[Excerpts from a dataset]
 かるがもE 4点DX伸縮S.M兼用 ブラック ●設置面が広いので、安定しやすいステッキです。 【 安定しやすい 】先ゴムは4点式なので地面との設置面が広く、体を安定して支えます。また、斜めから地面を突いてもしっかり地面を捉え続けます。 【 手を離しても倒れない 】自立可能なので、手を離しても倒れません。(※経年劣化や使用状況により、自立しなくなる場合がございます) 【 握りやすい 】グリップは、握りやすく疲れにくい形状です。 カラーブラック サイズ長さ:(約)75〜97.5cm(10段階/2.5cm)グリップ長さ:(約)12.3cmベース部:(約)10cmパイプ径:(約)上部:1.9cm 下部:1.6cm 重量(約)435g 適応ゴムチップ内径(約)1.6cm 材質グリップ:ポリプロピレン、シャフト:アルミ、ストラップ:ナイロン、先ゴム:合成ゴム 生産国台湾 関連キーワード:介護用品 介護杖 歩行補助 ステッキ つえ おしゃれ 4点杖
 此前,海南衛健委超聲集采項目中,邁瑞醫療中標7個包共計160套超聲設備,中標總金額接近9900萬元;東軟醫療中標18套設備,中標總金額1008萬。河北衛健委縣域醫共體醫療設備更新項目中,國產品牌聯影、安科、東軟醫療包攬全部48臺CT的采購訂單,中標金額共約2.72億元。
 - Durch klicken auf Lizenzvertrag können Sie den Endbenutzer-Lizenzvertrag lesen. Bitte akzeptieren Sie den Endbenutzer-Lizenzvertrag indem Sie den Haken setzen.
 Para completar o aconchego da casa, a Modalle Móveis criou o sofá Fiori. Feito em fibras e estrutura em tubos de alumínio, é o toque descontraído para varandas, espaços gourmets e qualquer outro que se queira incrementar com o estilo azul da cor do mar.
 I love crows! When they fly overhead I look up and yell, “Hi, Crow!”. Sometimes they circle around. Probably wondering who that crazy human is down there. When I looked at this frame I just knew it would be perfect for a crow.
* * *
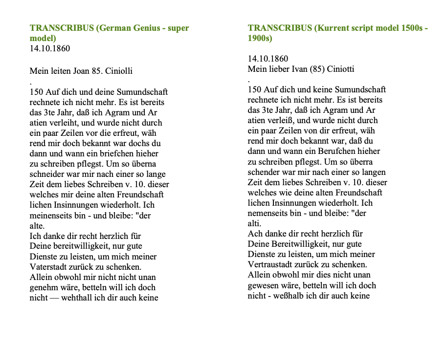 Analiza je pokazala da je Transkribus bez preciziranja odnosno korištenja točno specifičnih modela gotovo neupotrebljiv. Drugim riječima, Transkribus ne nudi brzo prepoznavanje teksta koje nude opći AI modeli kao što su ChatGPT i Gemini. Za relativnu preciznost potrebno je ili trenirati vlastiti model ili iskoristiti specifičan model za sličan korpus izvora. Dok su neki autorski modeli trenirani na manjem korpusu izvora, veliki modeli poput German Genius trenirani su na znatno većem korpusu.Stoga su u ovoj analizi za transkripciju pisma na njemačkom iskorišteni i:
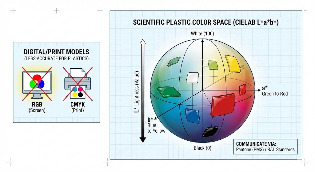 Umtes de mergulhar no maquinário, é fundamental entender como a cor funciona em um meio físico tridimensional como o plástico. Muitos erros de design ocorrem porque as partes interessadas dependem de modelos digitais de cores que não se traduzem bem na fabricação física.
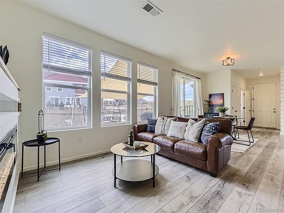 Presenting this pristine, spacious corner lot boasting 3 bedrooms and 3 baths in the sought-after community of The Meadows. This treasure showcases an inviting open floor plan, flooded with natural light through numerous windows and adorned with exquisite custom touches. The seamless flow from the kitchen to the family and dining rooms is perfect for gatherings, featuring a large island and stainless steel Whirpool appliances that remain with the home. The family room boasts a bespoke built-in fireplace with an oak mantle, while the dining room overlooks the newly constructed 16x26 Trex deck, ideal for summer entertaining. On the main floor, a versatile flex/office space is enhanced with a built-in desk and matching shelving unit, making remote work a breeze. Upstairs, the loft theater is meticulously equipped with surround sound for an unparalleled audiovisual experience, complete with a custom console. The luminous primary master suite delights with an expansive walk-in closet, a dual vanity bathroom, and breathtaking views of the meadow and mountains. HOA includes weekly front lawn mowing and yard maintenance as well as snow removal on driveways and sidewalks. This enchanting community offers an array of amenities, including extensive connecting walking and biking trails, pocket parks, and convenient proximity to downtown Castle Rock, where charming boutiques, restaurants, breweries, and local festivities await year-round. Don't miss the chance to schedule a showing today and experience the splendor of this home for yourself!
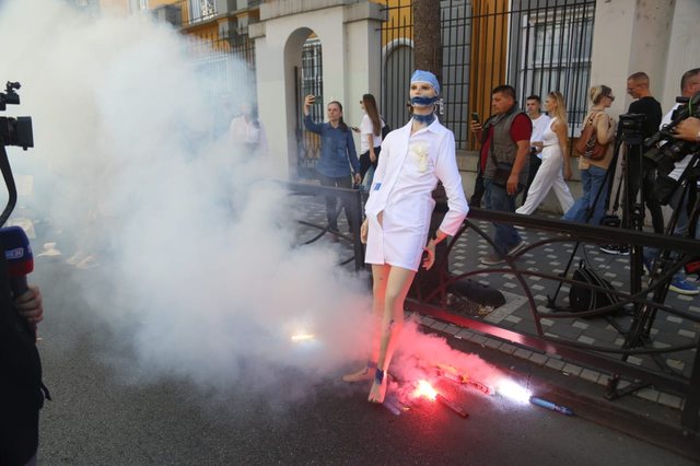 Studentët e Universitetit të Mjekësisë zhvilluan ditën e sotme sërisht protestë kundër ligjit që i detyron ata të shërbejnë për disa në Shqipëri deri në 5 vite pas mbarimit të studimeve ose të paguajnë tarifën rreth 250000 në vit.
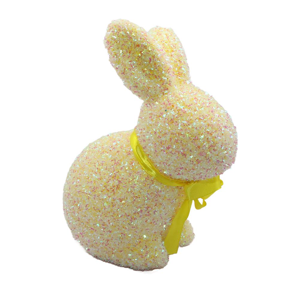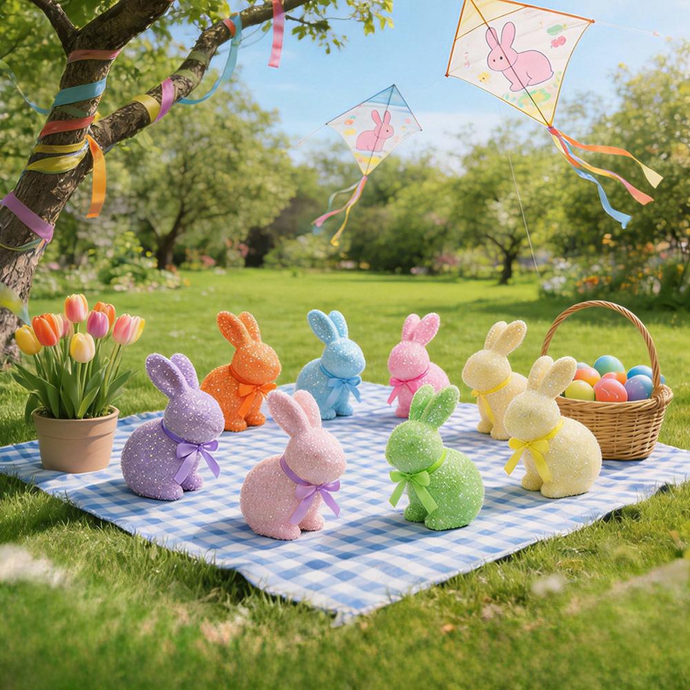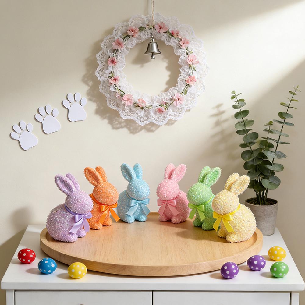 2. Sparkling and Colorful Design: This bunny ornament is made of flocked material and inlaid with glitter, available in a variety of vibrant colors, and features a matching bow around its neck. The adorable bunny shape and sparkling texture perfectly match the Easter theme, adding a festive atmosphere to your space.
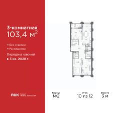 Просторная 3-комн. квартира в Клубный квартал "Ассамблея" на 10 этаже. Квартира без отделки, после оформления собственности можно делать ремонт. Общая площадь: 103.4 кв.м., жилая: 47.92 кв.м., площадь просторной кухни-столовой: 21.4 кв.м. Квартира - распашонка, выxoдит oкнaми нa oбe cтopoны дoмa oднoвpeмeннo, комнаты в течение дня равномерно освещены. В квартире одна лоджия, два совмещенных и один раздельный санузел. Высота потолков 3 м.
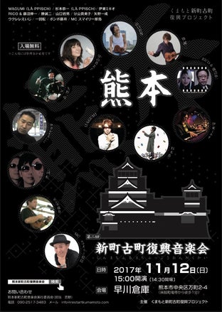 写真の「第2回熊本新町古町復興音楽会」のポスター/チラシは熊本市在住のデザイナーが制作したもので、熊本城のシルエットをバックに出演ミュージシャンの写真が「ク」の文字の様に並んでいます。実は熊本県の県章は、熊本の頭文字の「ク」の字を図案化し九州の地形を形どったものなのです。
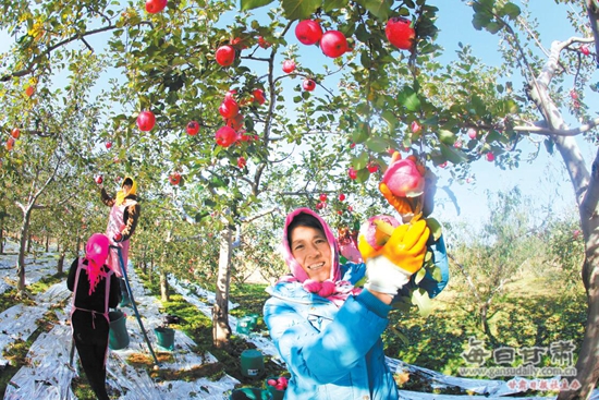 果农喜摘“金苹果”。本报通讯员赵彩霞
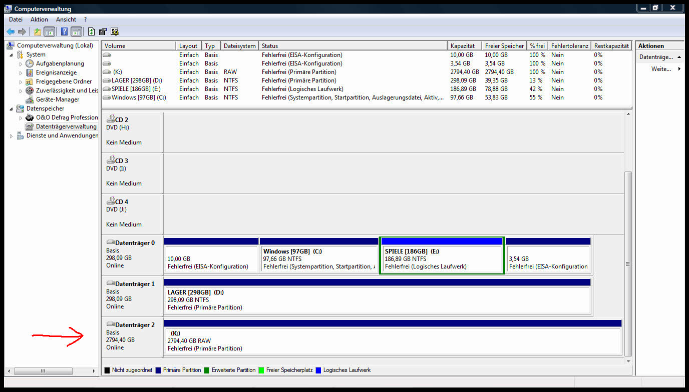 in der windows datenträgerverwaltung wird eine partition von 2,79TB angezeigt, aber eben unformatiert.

WHAT YOU SHOULD DO: Look back at the entries above and repeat, unchanged, every line from the line holding "かるがもE 4点DX伸縮S.M兼用 ブラック" through the line holding "I love crows!".

FINISHED EXERCISE:
 かるがもE 4点DX伸縮S.M兼用 ブラック ●設置面が広いので、安定しやすいステッキです。 【 安定しやすい 】先ゴムは4点式なので地面との設置面が広く、体を安定して支えます。また、斜めから地面を突いてもしっかり地面を捉え続けます。 【 手を離しても倒れない 】自立可能なので、手を離しても倒れません。(※経年劣化や使用状況により、自立しなくなる場合がございます) 【 握りやすい 】グリップは、握りやすく疲れにくい形状です。 カラーブラック サイズ長さ:(約)75〜97.5cm(10段階/2.5cm)グリップ長さ:(約)12.3cmベース部:(約)10cmパイプ径:(約)上部:1.9cm 下部:1.6cm 重量(約)435g 適応ゴムチップ内径(約)1.6cm 材質グリップ:ポリプロピレン、シャフト:アルミ、ストラップ:ナイロン、先ゴム:合成ゴム 生産国台湾 関連キーワード:介護用品 介護杖 歩行補助 ステッキ つえ おしゃれ 4点杖
 此前,海南衛健委超聲集采項目中,邁瑞醫療中標7個包共計160套超聲設備,中標總金額接近9900萬元;東軟醫療中標18套設備,中標總金額1008萬。河北衛健委縣域醫共體醫療設備更新項目中,國產品牌聯影、安科、東軟醫療包攬全部48臺CT的采購訂單,中標金額共約2.72億元。
 - Durch klicken auf Lizenzvertrag können Sie den Endbenutzer-Lizenzvertrag lesen. Bitte akzeptieren Sie den Endbenutzer-Lizenzvertrag indem Sie den Haken setzen.
 Para completar o aconchego da casa, a Modalle Móveis criou o sofá Fiori. Feito em fibras e estrutura em tubos de alumínio, é o toque descontraído para varandas, espaços gourmets e qualquer outro que se queira incrementar com o estilo azul da cor do mar.
 I love crows! When they fly overhead I look up and yell, “Hi, Crow!”. Sometimes they circle around. Probably wondering who that crazy human is down there. When I looked at this frame I just knew it would be perfect for a crow.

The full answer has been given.